## SOURCE DATA
┄┄┄┄┄┄┄┄┄┄┄┄┄┄┄┄┄┄┄┄

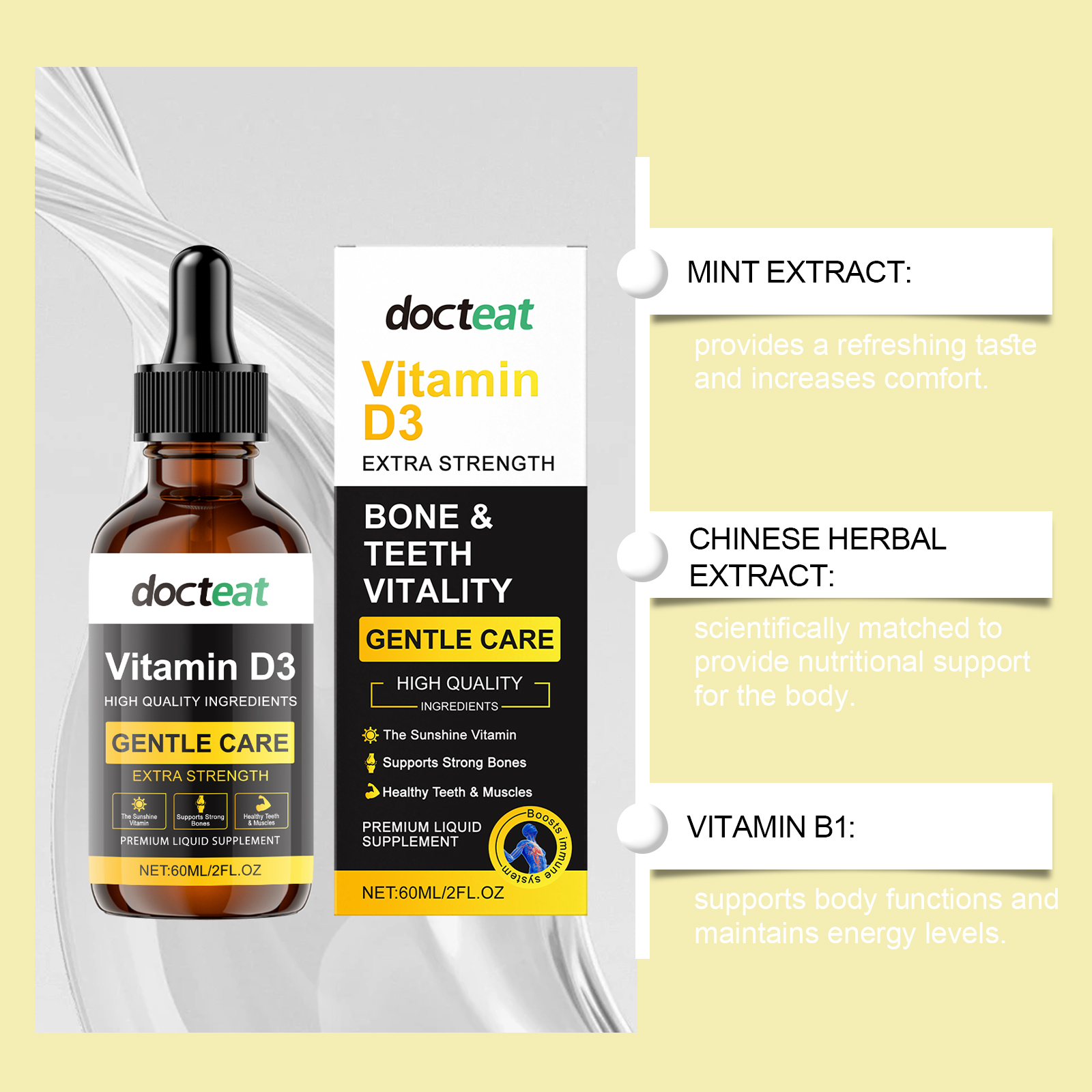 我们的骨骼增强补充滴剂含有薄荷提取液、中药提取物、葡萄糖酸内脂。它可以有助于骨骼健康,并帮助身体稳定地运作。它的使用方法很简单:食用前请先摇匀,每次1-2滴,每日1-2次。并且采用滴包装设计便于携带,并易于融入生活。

┄┄┄┄┄┄┄┄┄┄┄┄┄┄┄┄┄┄┄┄

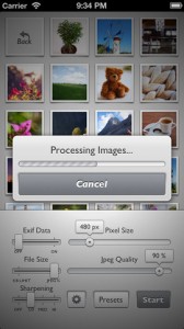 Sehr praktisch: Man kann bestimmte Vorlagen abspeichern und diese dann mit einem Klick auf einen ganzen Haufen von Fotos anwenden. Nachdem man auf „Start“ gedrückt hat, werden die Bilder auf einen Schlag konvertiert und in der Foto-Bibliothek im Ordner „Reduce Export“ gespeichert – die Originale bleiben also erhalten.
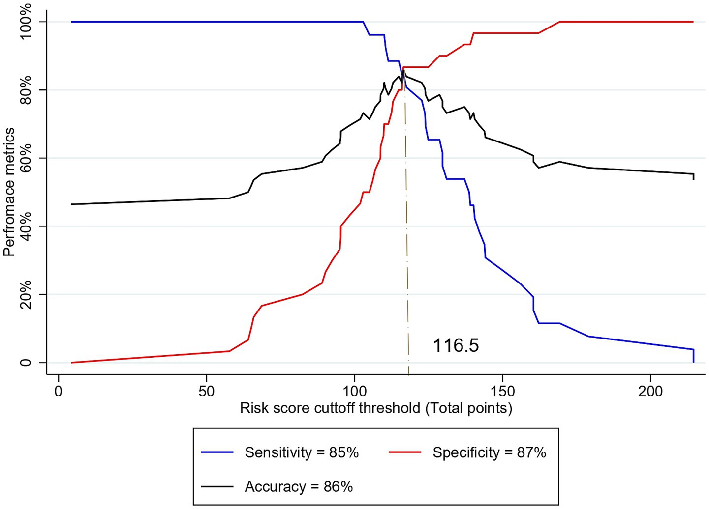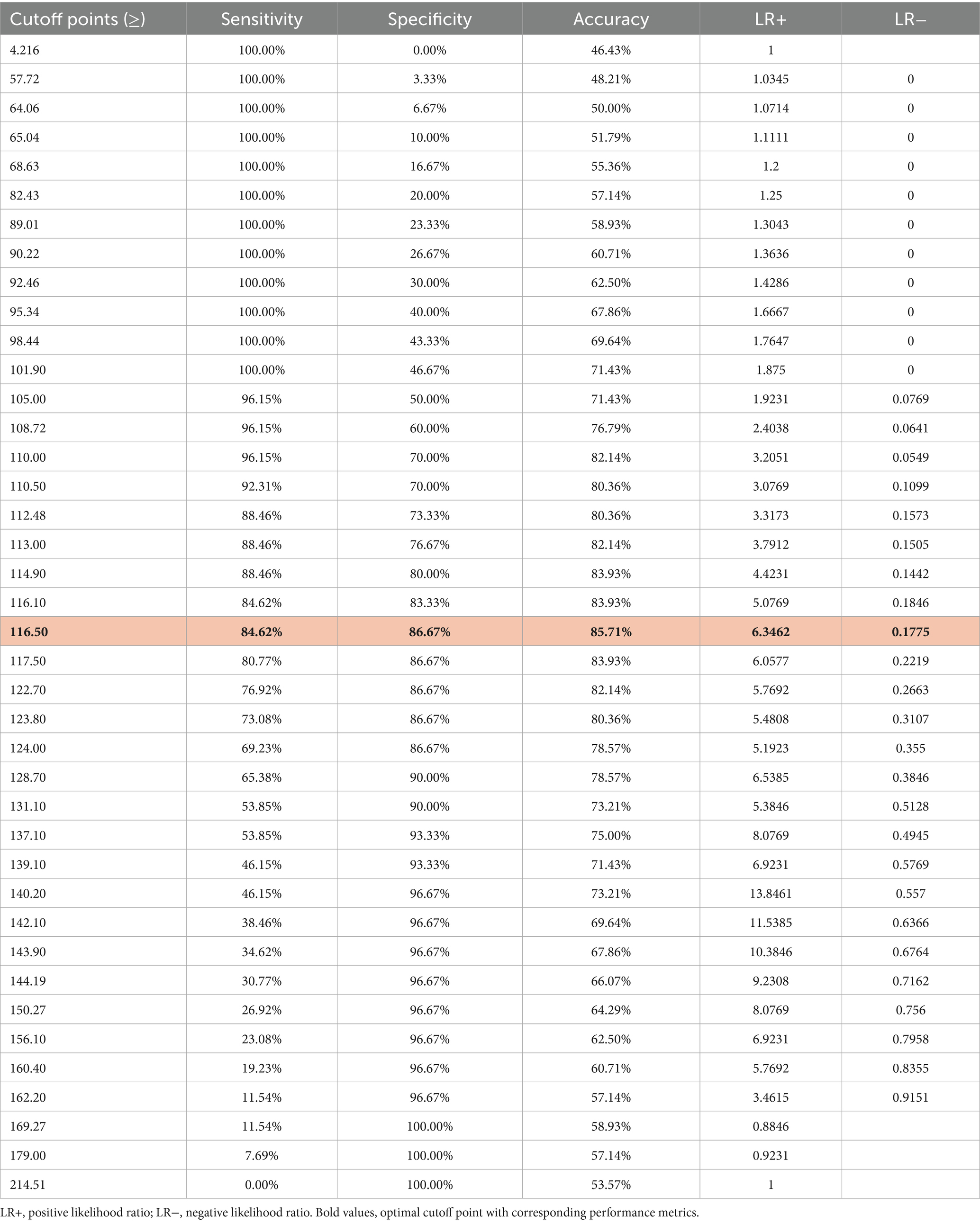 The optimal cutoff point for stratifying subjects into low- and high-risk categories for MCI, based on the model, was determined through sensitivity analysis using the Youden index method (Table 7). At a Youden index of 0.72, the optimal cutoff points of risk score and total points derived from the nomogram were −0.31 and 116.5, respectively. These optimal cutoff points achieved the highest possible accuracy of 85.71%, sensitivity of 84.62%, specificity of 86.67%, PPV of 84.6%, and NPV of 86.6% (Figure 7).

┄┄┄┄┄┄┄┄┄┄┄┄┄┄┄┄┄┄┄┄

## EXERCISE DETAILS
Look back over the records above. Reproduce exactly everything from the line with "Sehr praktisch: Man" down to the line with "The optimal cutoff point for", inclusive, and leave the pictures out.

## EXERCISE ANSWER
 Sehr praktisch: Man kann bestimmte Vorlagen abspeichern und diese dann mit einem Klick auf einen ganzen Haufen von Fotos anwenden. Nachdem man auf „Start“ gedrückt hat, werden die Bilder auf einen Schlag konvertiert und in der Foto-Bibliothek im Ordner „Reduce Export“ gespeichert – die Originale bleiben also erhalten.
 The optimal cutoff point for stratifying subjects into low- and high-risk categories for MCI, based on the model, was determined through sensitivity analysis using the Youden index method (Table 7). At a Youden index of 0.72, the optimal cutoff points of risk score and total points derived from the nomogram were −0.31 and 116.5, respectively. These optimal cutoff points achieved the highest possible accuracy of 85.71%, sensitivity of 84.62%, specificity of 86.67%, PPV of 84.6%, and NPV of 86.6% (Figure 7).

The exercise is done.